WHAT THE TASK ASKS:
Give again exactly the lines that run from the start of the records to the line holding "入った植樹看板を子どもたちと作り、村の周りや国立公園などに一緒に植えています。", both ends counted. Do not include the pictures.

Data excerpts:
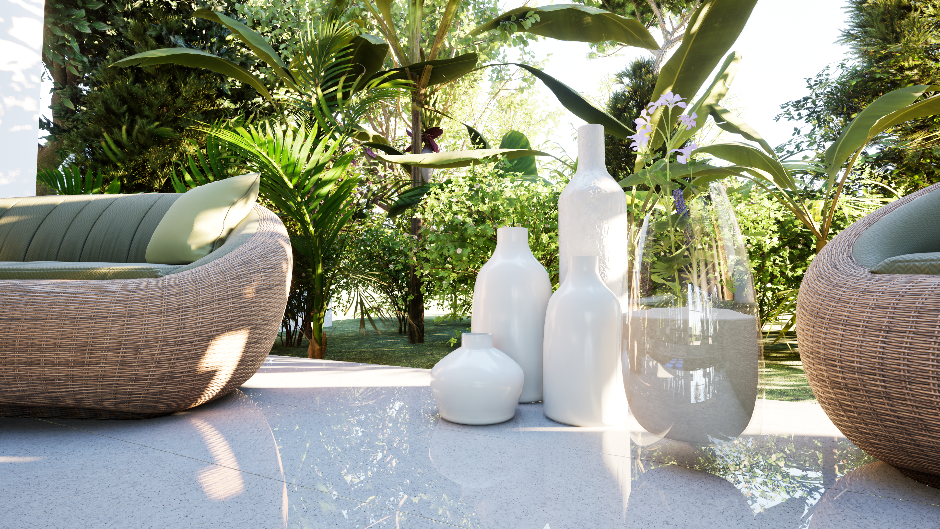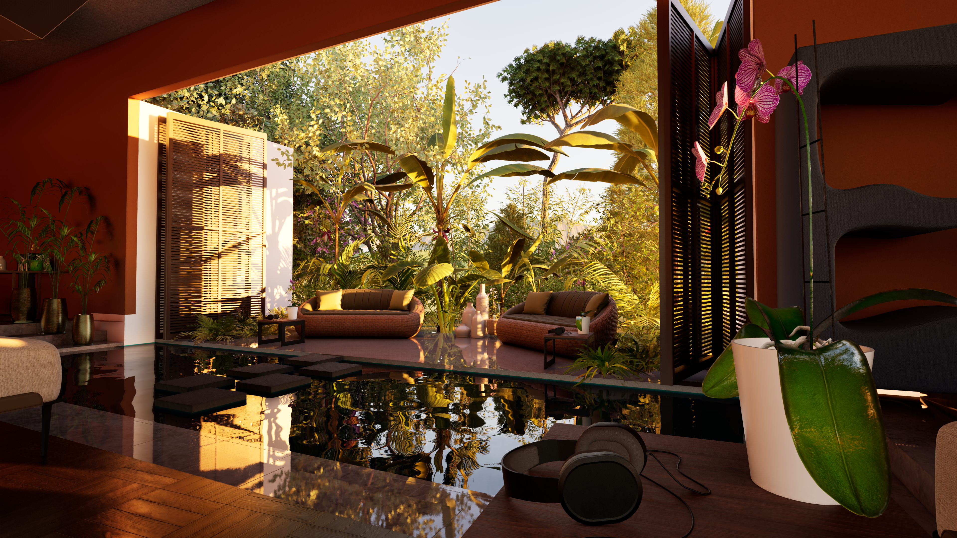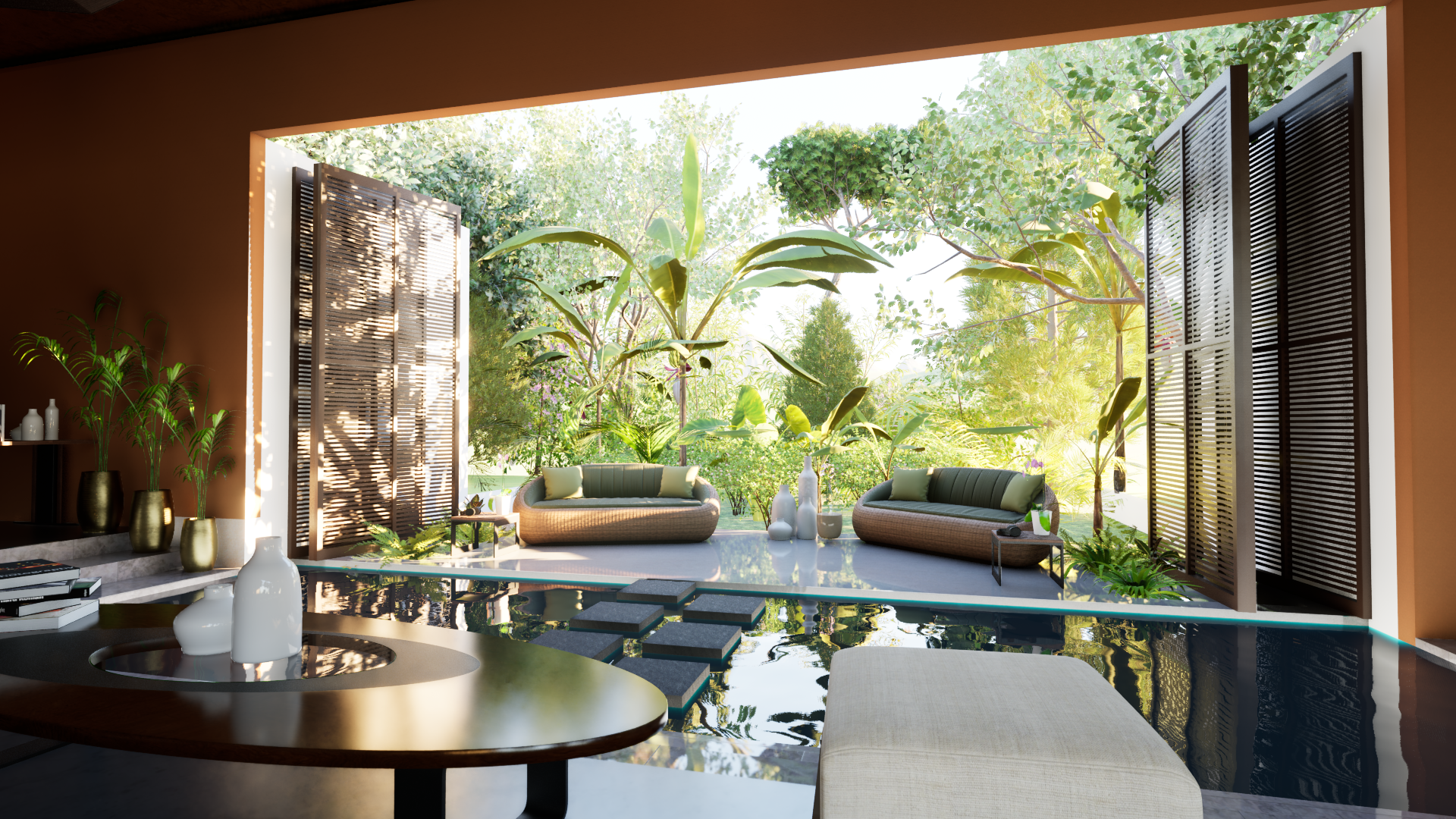 Local stone, Recycled materials, Natural finishes
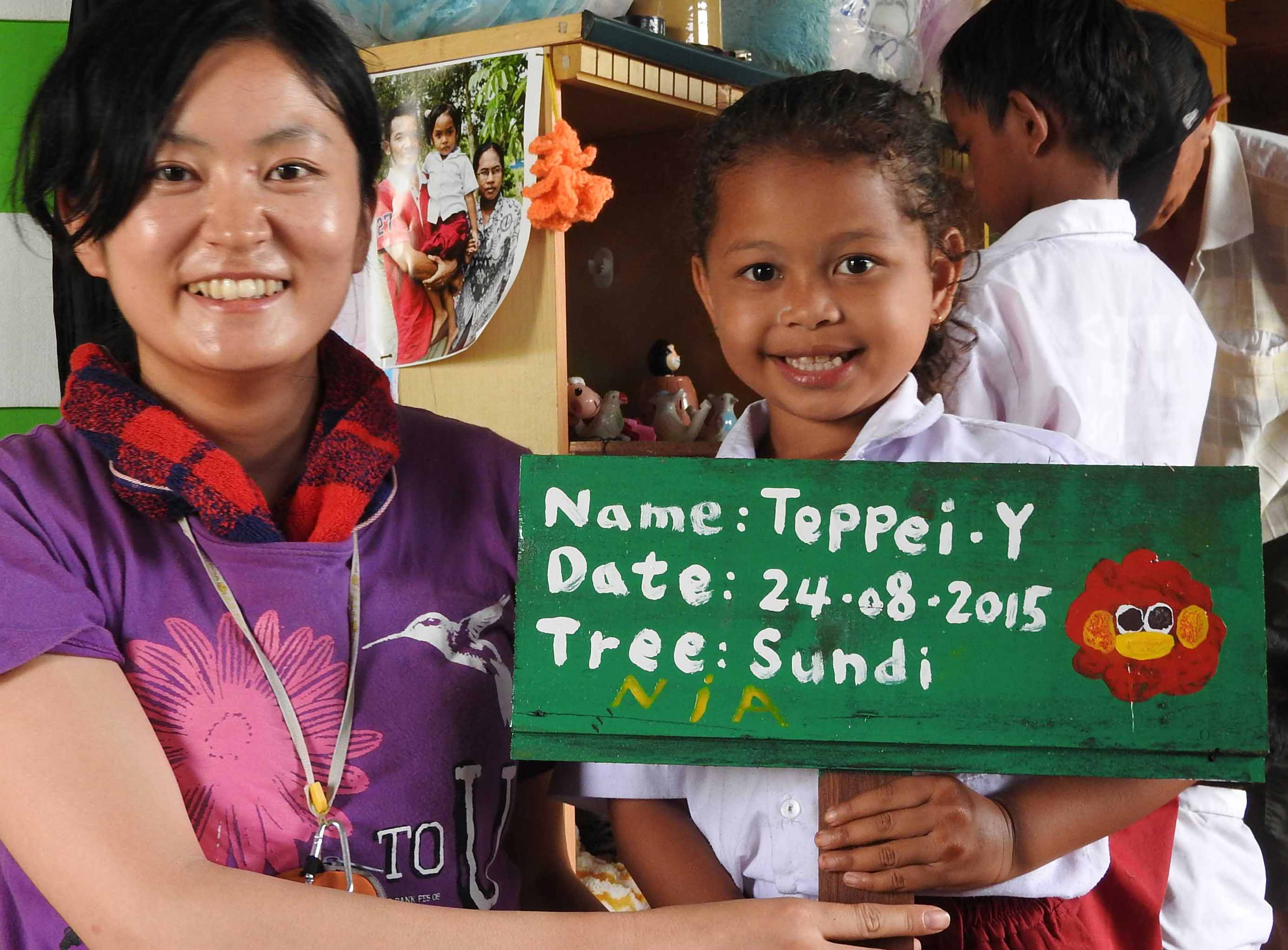 入った植樹看板を子どもたちと作り、村の周りや国立公園などに一緒に植えています。
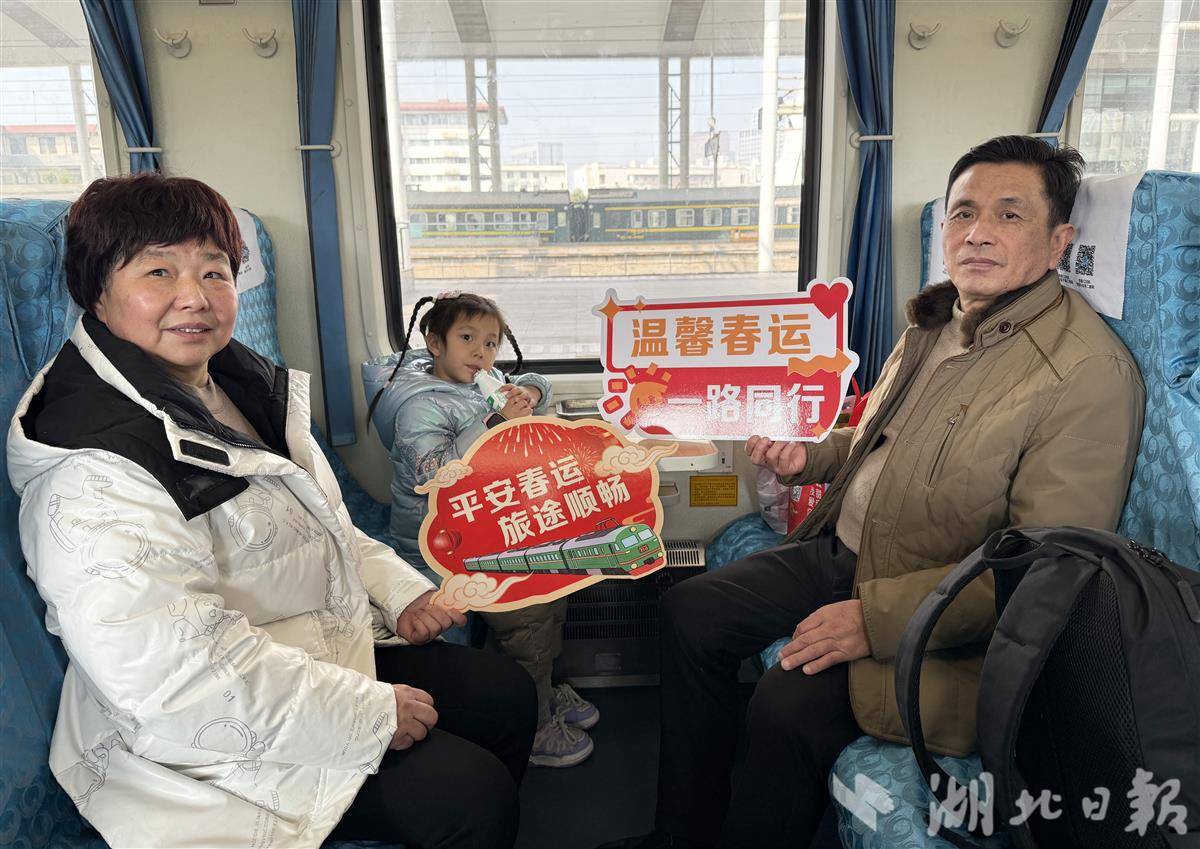 2月2日12时34分,武昌开往应城的K8116次列车从武昌站驶出。这趟全程1小时41分、全列硬座的临客列车,主要服务务工、探亲等短途返乡“刚需”客流,呈现午间错峰疏解、硬座需求突出的特点。 为保障旅客平安有序出行,武汉客运段武昌西线乘务车间提前组建志愿服务队,在乘车引导、重点帮扶、问询解答等环节提供全流程服务。列车工作人员以细致周到的举措,守护每一程短暂却温暖的归途。(湖北日报全媒记者 李溪 通讯员 陈姚 摄)
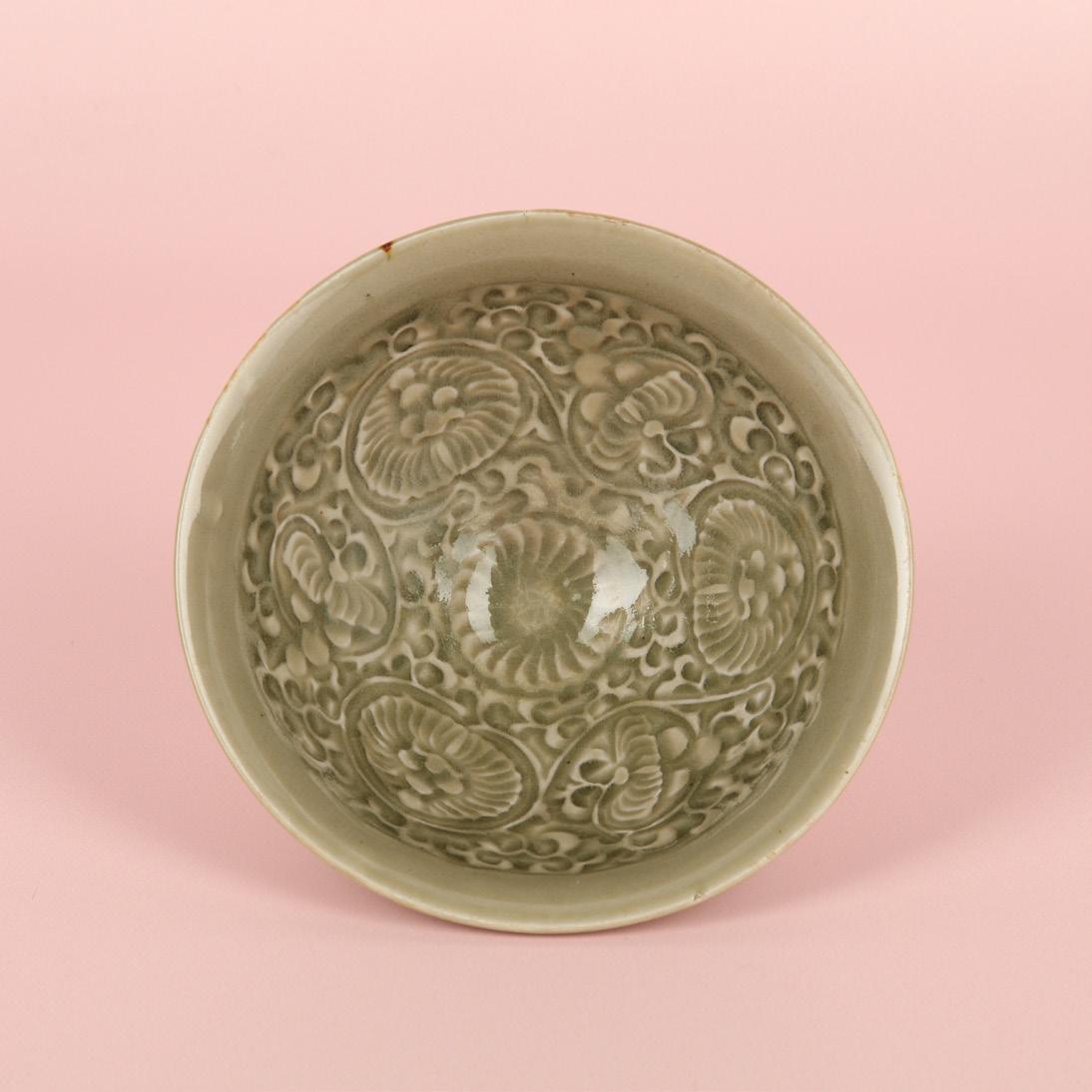 Chinese Yaozhou celadon 'chrysanthemum' moulded bowl
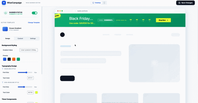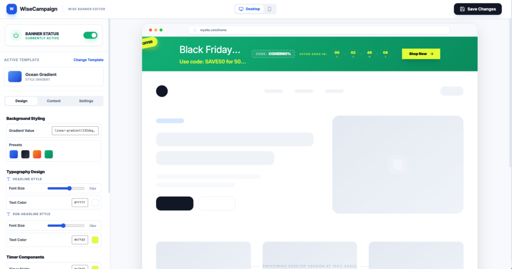 wiseCampaign is a powerful WooCommerce marketing plugin that helps store owners boost sales with countdown banners, stock urgency bars, direct checkout, sales notifications and advanced discount rules – all from one simple dashboard. No coding required.
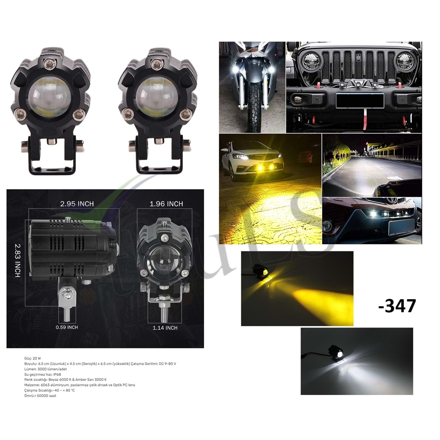OFFROAD SIS -347 BEYAZ-SARI (6.5 CMX4.5 CM 6.5 CM) 10W 12-80V SET
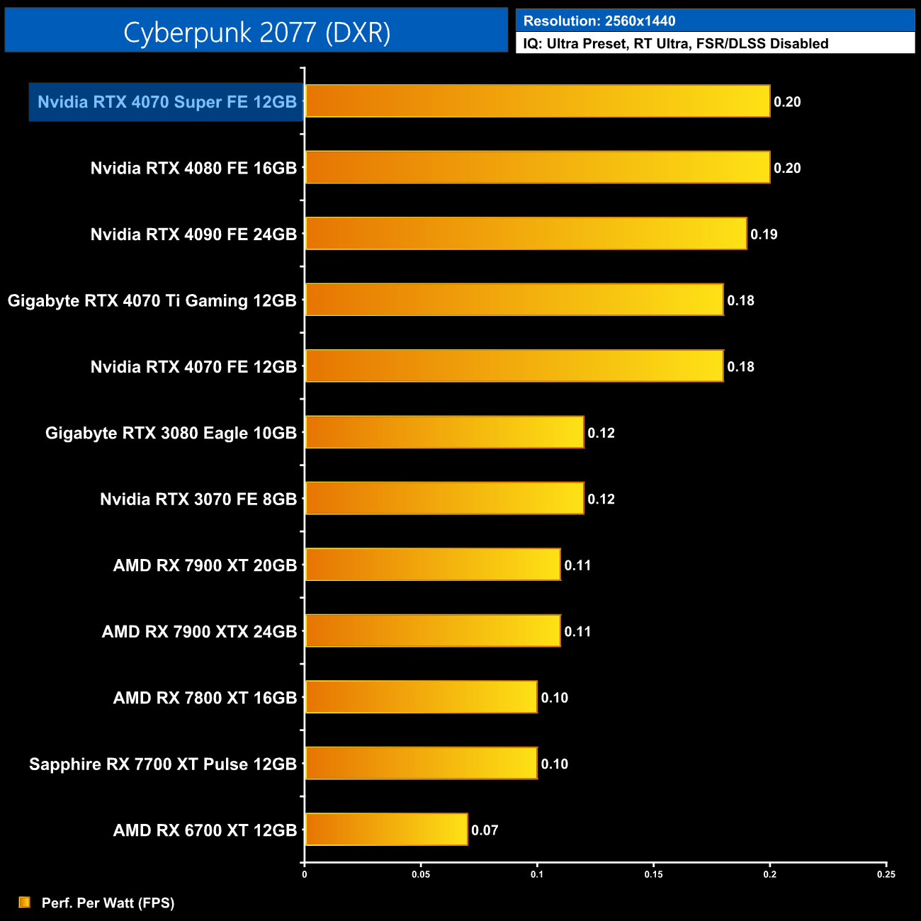 It's also fair to point out that the RX 7800 XT remains a viable option for those only interested in bang per buck, with the RDNA 3 GPU still offering the best cost per frame for rasterised 1440p gaming, and of course it does offer that extra 4GB VRAM. Many may now be swayed by the 4070 Super however, considering it is faster outright, significantly so when it comes to ray tracing performance, while also offering support for its superior DLSS upscaling technology, alongside increased efficiency.
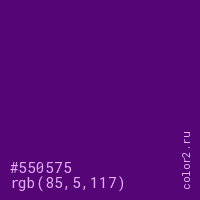 Цвет #550575 в цветовой модели RGB обозначается тремя октетами (85, 5, 117) в десятичном формате и #550575 в шестнадцатиричном (hex) формате, которые являются интенсивностью красного 85 (hex 55), интенсивность зелёного 5 (hex 05) и интенсивность синего 117 (hex 75).
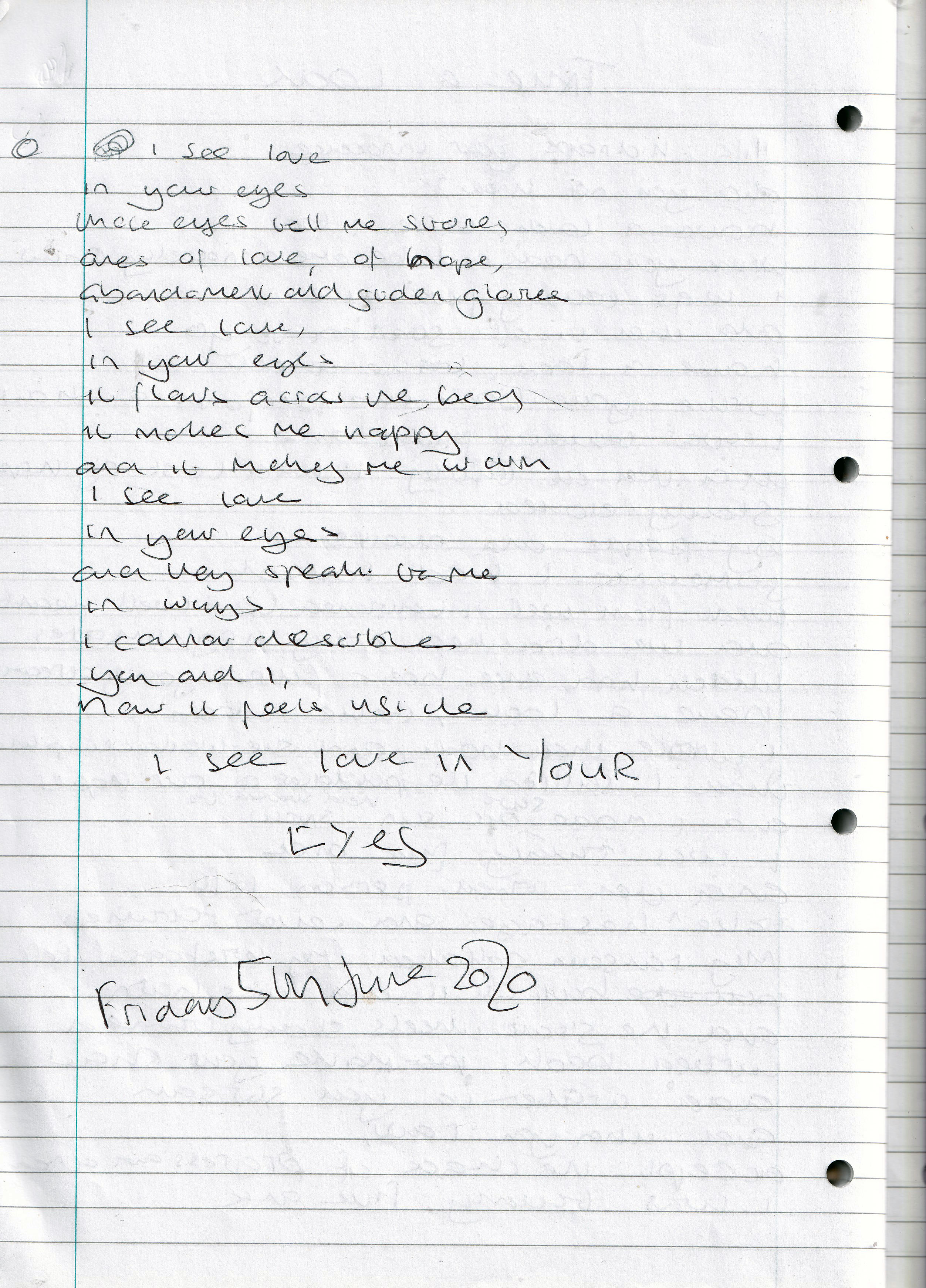 I See Love in Your Eyes – Written Friday 5th June 2020 (Aged 45)
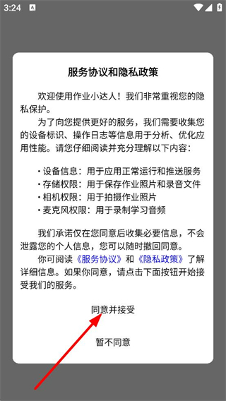 1、在服務(wù)協(xié)議和隱私政策彈窗中,點(diǎn)擊同意,進(jìn)入首頁。
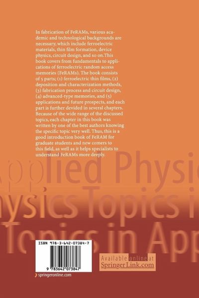 In fabrication of FeRAMs, various academic and technological backgrounds are necessary, which include ferroelectric materials, thin film formation, device physics, circuit design, and so on. This book covers from fundamentals to applications of ferroelectric random access memories (FeRAMs). The book consists of 5 parts: (1) ferroelectric thin films, (2) deposition and characterization methods, (3) fabrication process and circuit design, (4) advanced-type memories, and (5) applications and future prospects; each part is further divided into several chapters. Because of the wide range of topics discussed, each chapter in this book was written by one of the best authors knowing the specific topic very well. Thus, this is a good introductory book on FeRAM for graduate students and newcomers to this field; it also helps specialists to understand FeRAMs more deeply.
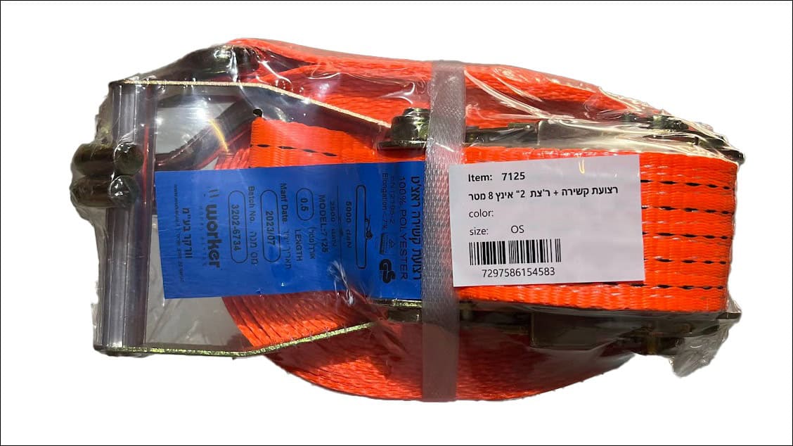 תקן: EN 12195-2:2001 רצועות קשירה- לקיבוע מטענים בעת הובלה/ שינוע סחורה רצועות איכותיות הכוללות מותחן ממתכת אורך 8 מטר רוחב 50 ממ' עומס קריעה מקסימלי 5 טון

ANSWER SPACE:
 Local stone, Recycled materials, Natural finishes
 入った植樹看板を子どもたちと作り、村の周りや国立公園などに一緒に植えています。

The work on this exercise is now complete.